■ **TASK STATEMENT**:
Please return the full listing word for word, leaving out any pictures.

■ **GIVEN INFORMATION**:
=== Begin Enclosure ===

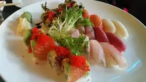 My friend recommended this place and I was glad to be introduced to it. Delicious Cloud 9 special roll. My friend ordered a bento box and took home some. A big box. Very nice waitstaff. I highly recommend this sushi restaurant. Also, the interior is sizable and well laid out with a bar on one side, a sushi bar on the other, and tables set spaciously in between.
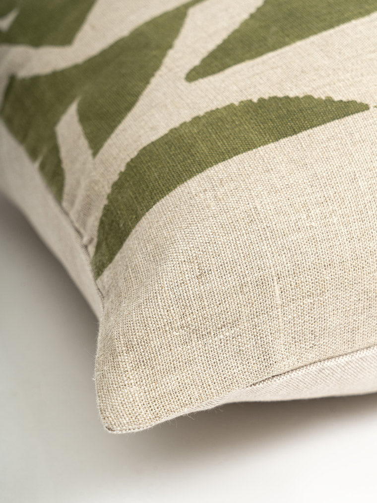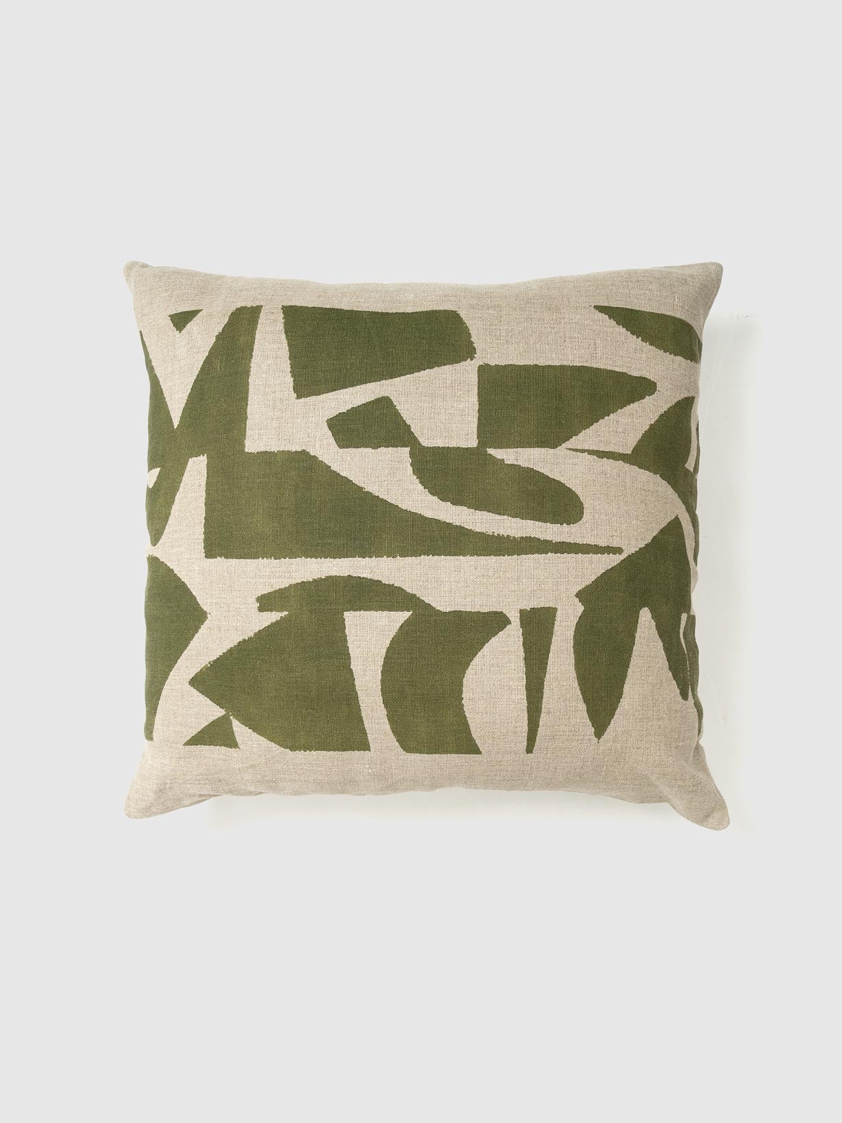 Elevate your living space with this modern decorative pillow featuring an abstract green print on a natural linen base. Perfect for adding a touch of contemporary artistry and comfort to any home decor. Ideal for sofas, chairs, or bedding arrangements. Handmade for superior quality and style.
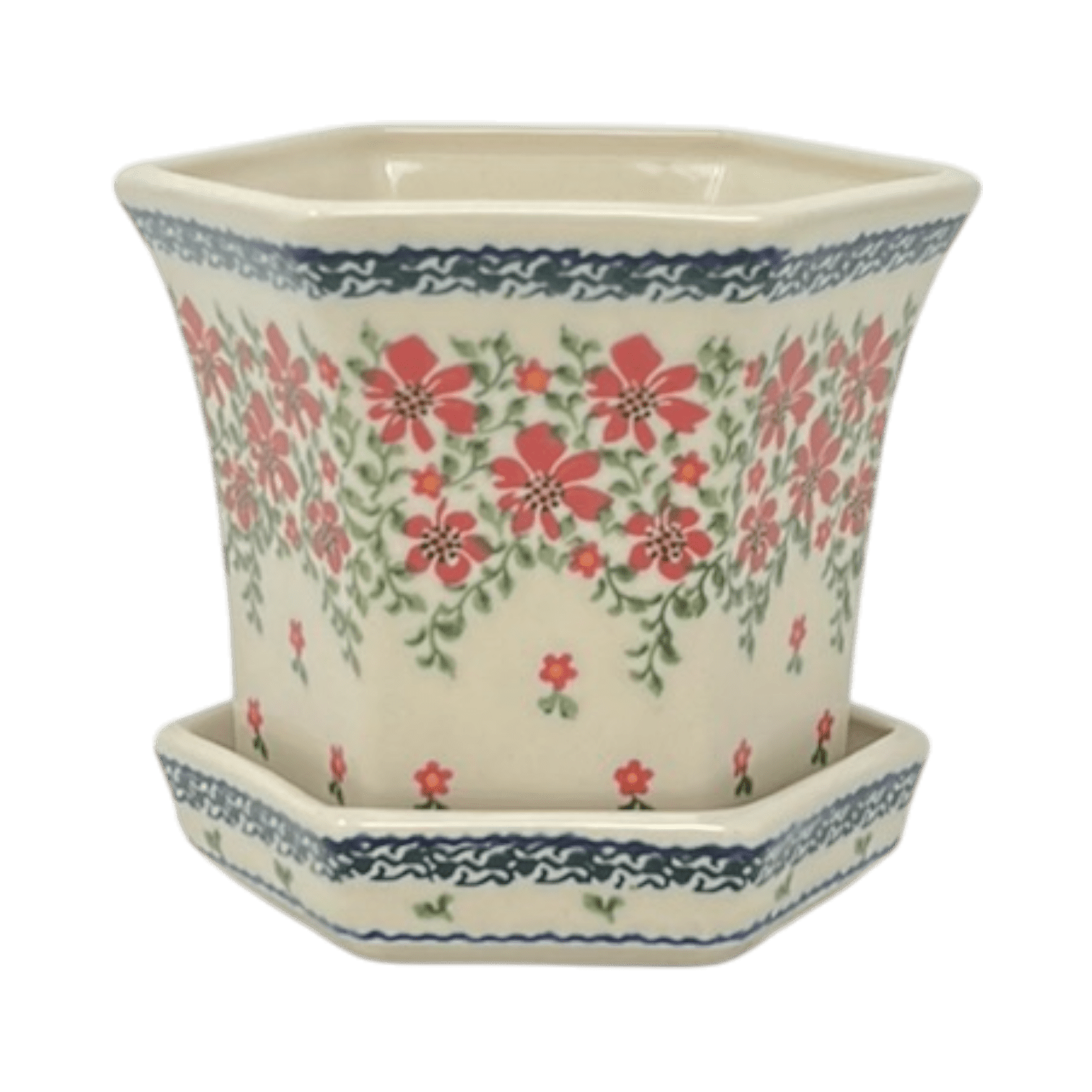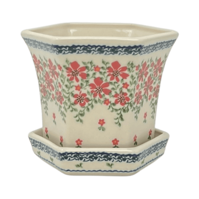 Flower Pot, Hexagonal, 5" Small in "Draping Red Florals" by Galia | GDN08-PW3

=== End Enclosure ===

■ **RESULT OF THE TASK**:
 My friend recommended this place and I was glad to be introduced to it. Delicious Cloud 9 special roll. My friend ordered a bento box and took home some. A big box. Very nice waitstaff. I highly recommend this sushi restaurant. Also, the interior is sizable and well laid out with a bar on one side, a sushi bar on the other, and tables set spaciously in between.
 Elevate your living space with this modern decorative pillow featuring an abstract green print on a natural linen base. Perfect for adding a touch of contemporary artistry and comfort to any home decor. Ideal for sofas, chairs, or bedding arrangements. Handmade for superior quality and style.
 Flower Pot, Hexagonal, 5" Small in "Draping Red Florals" by Galia | GDN08-PW3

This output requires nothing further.